Sunday, May 1, 2005

Dry Bones

Tonight I pulled two books off my shelf to read while I was getting ready for bed (I wasn't sure at first which one I wanted) : Possession, by A.S. Byatt, and The Last Samurai, by Helen DeWitt. The Last Samurai. (The latter is nothing to do with the Tom Cruise movie.)



I didn't notice it right away, but both these books have rather similar characters: people hungry for knowledge, thirsty for meaning, who find the scholarly life dusty and meaningless, and very much unlike what they had hoped for. They frighten me, because they are so like me -- or what I might have been or might still become.

In particular, I am afraid of Sibylla, the mother of Ludo, the boy-genius hero of The Last Samurai. I want to be Ludo, but I'm afraid I'm much more like Sibylla, who loves beauty and knowledge but is depressingly weak and ineffectual. She is ordinary in a bad way -- trapped in the ordinary, and denying it, and so missing any beauty or purpose her ordinary life might be hiding.

In the following passage, Sibylla has come from small-town America to Oxford on a scholarship she earned by faking her grades and recommendations and lying about her own knowledge. I didn't lie to get my semester at Oxford, but this is unsettlingly like some of my experiences there. I was fascinated and thrilled to be reading in the actual Bodleian Library (not an easy privilege to get), and I drank in every detail of life in England; and yet my work seemed meaningless. The view Sybilla sees is exactly the view I saw; and I wasted time in the Covered Market just as she does, although I preferred buying massive cookies (the size of your liver, and sold by weight) to eschewing sweaters.

Roemer, anyway, was too obscure to be on the open shelves of the Lower Reading Room with more frequently consulted classical texts. Year after year the book gathered dust in the dark, far below ground. Since it had to be called up from the stacks it could be sent to any reading room in the Bodleian, and I had had it sent to Reserve in the Upper Reading Room of the Radcliffe Camera, a library in a dome of stone in the centre of a square. I could read unobserved.

I sat in the gallery looking out across a bell of air, or at the curving walls crammed with extraordinarily interesting-looking books on non-classical subjects, or out the window at the pale stone of All Souls, or, of course, at Aristarchs Athetesen in der Homerkritik (Leipzig, 1912). There was not a classicist in sight.

I formed the impression that the sentence meant: It is truly a fallow and new field which the author has trod and ploughed through in handling this subject, so especially might this statement sound in the first moment.

This did not really seem worth the trouble it had taken to work it out, but I had to go on so I went on, or rather I was about to go on when I glanced up and I happened to see, on a shelf to my left, a book on the Thirty Years War which looked extraordinarily interesting. I took it down and it really was extraordinarily interesting and I looked up presently and it was time for lunch.

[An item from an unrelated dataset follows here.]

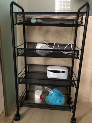 配送服务:非常好;商品质量:质量不错;外观样式:黑色的,非常酷;产品材质:铁质;承重能力:放在卫生间使用,塑料轱辘

I went to the Covered Market and spent an hour looking at sweaters.

There are people who think contraception is immoral because the object of copulation is procreation. In a similar way there are people who think the only reason to read a book is to write a book; people should call up books from the dust and the dark and write thousands of words to be sent down to the dust and the dark which can be called up so that other people can send further thousands of words to join them in the dust and the dark. Sometimes a book can be called from the dust and the dark to produce a book which can be bought in shops, and perhaps it is interesting, but the people who buy it and read it because it is interesting are not serious people, if they were serious they would not care about the interest they would be writing thousands of words to consign to the dust and the dark.

There are people who think death a fate worse than boredom.

I saw several interesting sweaters in the Market but they seemed to be rather expensive.

(from pp. 18-19 of The Last Samurai by Helen DeWitt)


I don't agree with Sibylla at all when she implies that boredom is a fate worse than death, but I very much agree with her on the dust and the dark. Books should live. A library should be a nature preserve, not a mausoleum with the bones stacked up dry and delicate. And minds should be alive in the same way.

But since I am so much like Sibylla in some ways, I worry that I cannot or will not avoid becoming like her in other ways. She complains about stupid people and the way the world is, but she cannot get a job more fulfilling than computer-archiving old paper issues of obscure hobby magazines, and she never, never finishes what she starts. The only thing she produces, at least in the course of this novel, is her son, Ludo; and somewhere between the ages of four and six he seems to become entirely responsible for producing and polishing himself. Maybe there is meaning to Sibylla's life after all -- in her motherhood, perhaps, though it is hardly better than the rest of her work -- and maybe I am not old enough yet to understand it. Or maybe Sibylla is a bad fictional rendition of what a person rather like me could be like. Or maybe she is simply not me.

I hope one of those things is true.

1 comment:

  1. I read "The Last Samurai" last year. Very thought provoking, wasn't it?